Oregon businesses are skeptical of Trump’s tariffs reimbursements
Mia Maldonado
(Oregon Capital Chronicle) In 2021, Richard Smith and Serengeti Savage took over the downtown McMinnville tea shop where they had their first date. The shop sits along the town’s popular Third Street, which is lined with antique shops, restaurants, wineries and other unique gift stores.
Right as the couple was feeling ready to hire employees at Velvet Monkey Tea Shop and reached the end of a supply chain crisis last year, President Donald Trump imposed tariffs on foreign imports.
Although the Supreme Court ruled those tariffs were illegal and ordered that the Trump administration reimburse businesses, the couple and many other small Oregon businesses owners say they’re unlikely to receive those refunds because the manufacturers that they buy their products from were the ones who paid those tariffs directly.
The tea shop was one of three businesses where reporters and U.S. Rep. Andrea Salinas, a Democrat representing the 6th Congressional District based in the Willamette Valley, met with owners to discuss the impact of tariffs just days ahead of the federal government launching a refund system Monday.
The tea shop relies on suppliers who import foreign tea mostly from India and China because there isn’t a large American tea manufacturing sector, and tea plantations take decades to become profitable, Smith said.

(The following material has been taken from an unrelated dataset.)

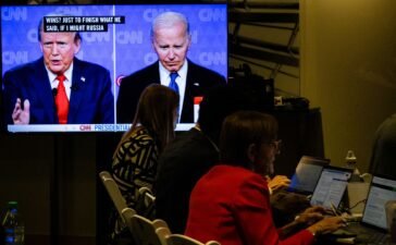 Members of the media work during the first presidential debate with US President Joe Biden and former US President Donald...

Since Trump imposed tariffs, the shop is down half its supply because some of its main suppliers went out of business. A kilogram of tea that used to cost $60 now costs the business $220.
The couple has taken most of the hit themselves so they don’t have to put extra costs on the customers. Each of them pays themselves less than $1,500 a month, which is less than minimum wage.
“We’re not an affluent community,” Smith said. “It’s really hard for people to come in and see these pricing increases on stuff that they like to consume every day, and so it is a way that major global politics and uncertainty has affected our everyday lives.”
A few businesses down from the tea shop, Entwined co-owner Lia Harris finds herself in a similar situation. Most of the products she sells in her yarn shop are from New Zealand or Peru, and a yarn manufacturing industry doesn’t really exist in the U.S.
“Because the domestic textile market moved overseas, it would take decades to restore any sort of manufacturing to a domestic market,” she said. “We would love to buy more American, but that just isn’t possible right now.”
Another concern Harris pointed to was the end of the de minimis exemption, a trade regulation that Trump ended in August 2025 that previously allowed shipments worth $800 or less to enter the country tax-free.
“We’ve had delays and cancellations, and we’ve also lost some of our suppliers who have chosen to shut down rather than continue to carry the cost of the United States tariffs,” she said. “The tariffs are a significant disruption. We don’t have large lines of credit. We don’t have Wall Street backing. We are absorbing those increases on our own until we can no longer handle that, and we have to pass that on to our customers.”
At Hopscotch Toys and Games, owner Linda Hays said most of her products come from China. When Trump first imposed tariffs, she maxed out credit lines to buy as many products as she could before prices went up.
“One of the things that caused so much uncertainty wasn’t just that the tariffs were instated, but that it was so erratic,” Hays said. “Your manufacturer would put their goods on a boat, and by the time it got to shore, it was twice as expensive to bring it into dock, and then they would watch the tariffs go down.”
Friday was Salinas’ fourth stop in her affordability tour across her district.
“This isn’t a location where people stop off because it’s the beach,” Salinas told reporters. “It’s the local community that really makes these businesses run.”
Salinas said she is working on legislation to try to support small businesses that didn’t directly pay tariffs but were still affected by them.